For his part, the man in Tallahassee has been supportive of the Palm Beach man throughout what both perceive to be an overtly political prosecution and offered the men’s mutual home state as a sanctuary. The Palm Beach man, however, decided to go to New York for his arrest and arraignment. If he had stayed in Florida, the reality of his prosecution just wouldn’t hit the same, as the kids say.

The optics that have provided the Palm Beach man short term gains is not without long term risks, however. If the two men are set to square off on a debate stage later this year, the Palm Beach man may have just opened his right flank to his rival catty-corner in the state.

A line of attack for the Tallahassee man could be as follows:

When you were wrongfully indicted in New York, I announced I would refuse to extradite you to the partisan authorities in New York. I offered you sanctuary so that you could fight against this process that, given the weakness of the case brought against you, is intended to be its own form of punishment and keep you off the campaign trail at key moments during the primary season. Instead, you surrendered to the liberals who would love nothing more than to see you behind bars.

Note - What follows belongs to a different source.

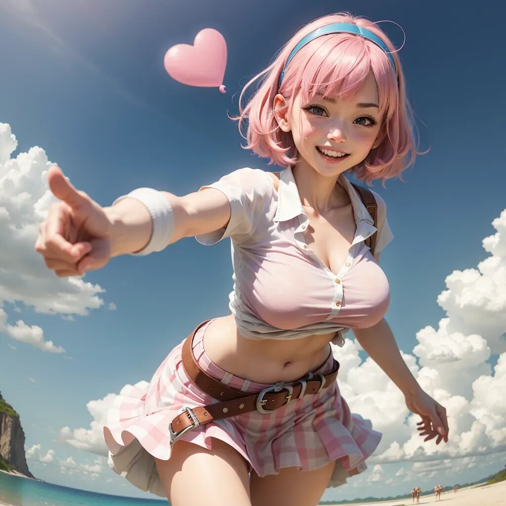 カフェの前で元気にポーズを取るピンク髪の女性。太陽が彼女のフレンドリーな笑顔を明るく照らし、ビビッドな色合いの制服が活発な雰囲気をさらに強調しています。動きのある姿勢と背景のカフェの風景が、都会の生活の活気を伝えます。
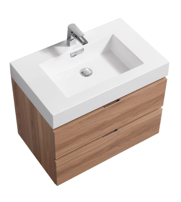 The Bliss BSL24 is one of the most elegant modern Bathroom Vanities around. This 24 Inch model comes with a reinforced Acrylic sink, Marine Wood Veneer Constructed Console that is fully moister and water proof, with high quality European Hardware, that provides smooth soft-closing operation drawers.

In fact, you’ve been playing by their rules the entire time. If what you say is true and you did not have a sexual relationship with a porn star, you still caved to demands by her and her currently incarcerated lawyer that she be paid $130,000 to keep her lies out of the press. 

While you’ve been dealing with the consequences of your alleged sexual exploits, in Florida, I’ve spearheaded one of the most socially conservative efforts in the nation to prevent others from escaping the consequences of their sexual activity by signing two major pieces of legislation to protect the sanctity of life. The more recent law put into place a six week ban on abortion, and we were able to do so because, while Republicans across the country underperformed, I won reelection in a landslide and Republicans won a supermajority in both chambers of the legislature. Meanwhile, you blamed the pro-life movement for your endorsed candidates’ losses.

To which the Palm Beach man might reply:

The only reason you were able to pass that legislation is because I appointed Supreme Court Justices to do what many who claim to be much more socially conservative never could: overturn Roe v. Wade. You probably wouldn’t even be governor without the movement I built.

The Palm Beach man also has something the man from Tallahassee does not: a defined sense of place in the fight against the liberal forces staring them down. If given the chance, the Tallahassee man might prove more focused, more capable, and more conservative than the man from Palm Beach. Even still, the liberal establishment will likely walk away with a sense of vindication under the belief they successfully culled the Palm Beach man’s political career. To many Republican voters, that is simply unacceptable, and the return of the MAGA King to his throne is the only thing that might satisfy their appetite for justice.

The trail ahead is long, but it's already a two-horse race. Everything and everyone else is a sideshow or a distraction. In 2024, voters will turn to a Florida man living in the swamp with the hopes of draining it. The only question that remains is which one.